On 22.11.2014 22:05, Ted Mittelstaedt wrote:
That's a lot of work, there's a much easier way

Just search your /var/log/maillog for user unknown messages, and
create email addresses for the unknown users which are showing up
multiple times over multiple days. It's a great trick because it gets
spammers who already have email addresses in their
spamlists and who are too lazy to remove them when they get a
user unknown message from the mailserver.

I have a pretty old domain - I've seen user unknown messages for
users who cancelled mailboxes on the domain over a decade ago. I figure
10 years of getting user unknown messages is long enough for any real
humans and for legitimate mailing lists to remove those entries.

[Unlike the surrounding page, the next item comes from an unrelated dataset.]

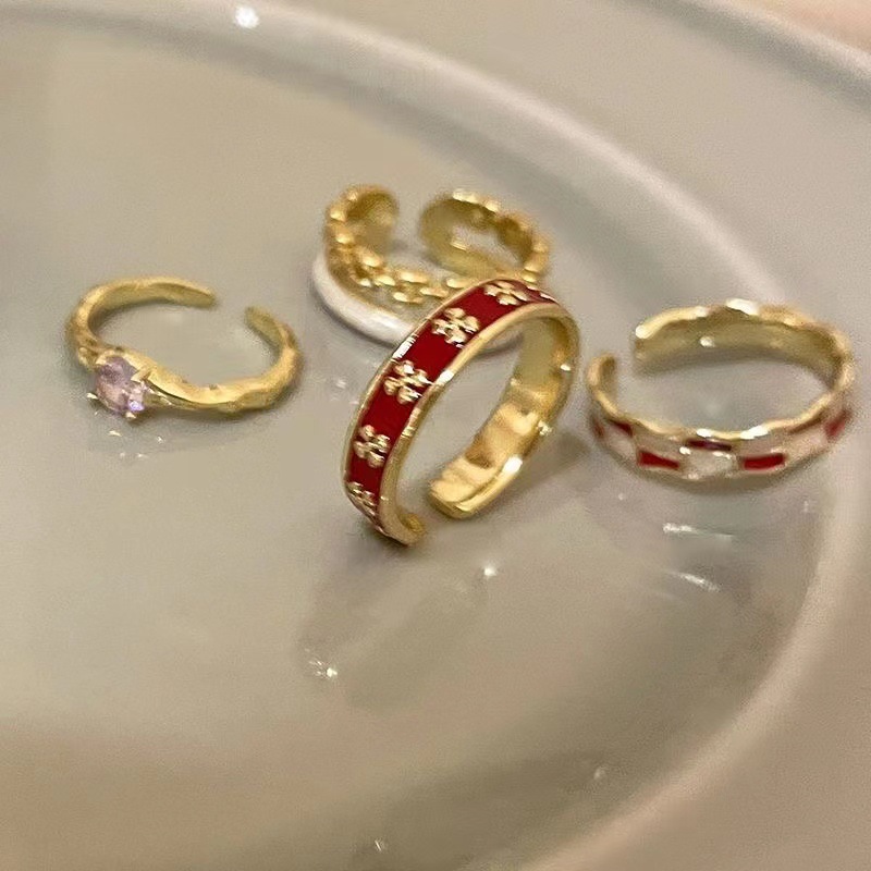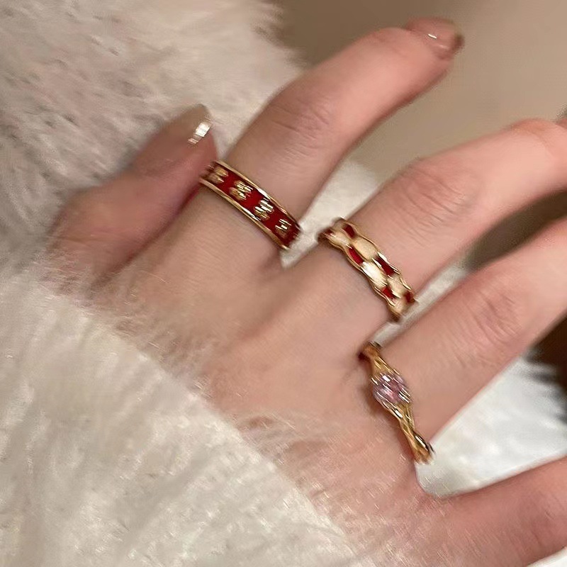 Vintage Dropping Glaze Opening Ring Women's Unique Niche Design Sense Couple's Finger Ring ins Light Luxury High-grade Joint Ring

 From my opinion, this is not a good idea as you are going to put those
servers onto your list.
This way you'll blacklist bulk senders, with badly configured or even
not bounce management, but they are not all spammers!


Who are you I've never seen you post on this list before. You sound like a spammer who is scared to death that more people will be putting up honeypots.

A bulk sender with no bounce management is a spammer, PERIOD. I'll gladly invite any customer of mine who insists on receiving email from bulk senders who don't do bounce management to go find another email
provider.  Strange that I have NEVER had a customer complain about this.

I am VERY familiar with Gmails rules and Hotmail/Microsoft's rules for bulk senders to send mail into their network. They mandate that anyone sending bulk mail to them IS REQUIRED to do bounce management or they will block them, end of story.

I am quite willing to accept mail from bulk mailers who follow CAN-SPAM act in the United States - which by the way REQUIRES bounce management - bulk mailers who do NOT do bounce management are committing a felony in the United States.